Post by Laura Cheng.
If a picture is worth a thousand words, then a collage of pictures should be an indication of speechlessness. My most recent inspiration for bedroom décor is a panel of organized photos. This easy to do idea allows me to personalize my bedroom with meaningful prints. It can be accomplished by keeping three basic design principles in mind – repetition, balance, and spacing.
To get an idea of repetition, I spend a few minutes studying Andy Wahol’s 1962 Campbell’s Soup Can exhibit. Repetition means using the same size and colored frame and repeating it across an entire wall. Frames will need to be more uniform especially when various types of items are being showcased (i.e. photos AND mixed art). Even if the photos are not of the same subject or color, the mass production of the same frame will create an artistically clean and synthesized look.
Balance is another key to creating a successfully designed photo wall display. Hanging pictures in a uniform straight row or grid is the easiest way to create balance. Fold your wall in half and the frames would overlap and line up. However, frames can also be interspersed in different patterns and still have balance. It’s hard to describe balance, because part of its innate definition is subjective to what looks pleasing to the eye. Sometimes the best way to envision balance is to just grab the frames and play with the pieces. Move frames around, try different arrangements, and even go as far as taking a picture of each design. The camera does add 10 pounds, and in the end, will help determine which background is the most photogenic winner.
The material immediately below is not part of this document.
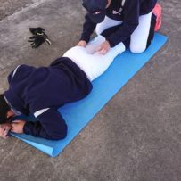 疲れた体をマッサージしながら恒例の小テスト。台形の公式は? 愛知県の県庁所在地は?

The last element to keep in mind is spacing. Spacing is a step sister to balance – the amount of space between each frame must be the same. Leaving approximately 1 -3 inches between each picture will give the photo collage the optimum balance.
My biggest dilemma in setting up a collage is determining what pictures to use. I’ve always believed in hanging pictures with meaning and pictures that strike a happy emotion when I look at it. It takes me time to put together such a collection. In those situations, empty picture frames with interesting woodwork can act as an appropriate substitute. T o ensure a well-collected look, I shop garage sales and thrift stores to gather an assortment of picture frames varying in sizes, shapes and textures. After removing all the gizzards, I set up the collage using the same three design principals.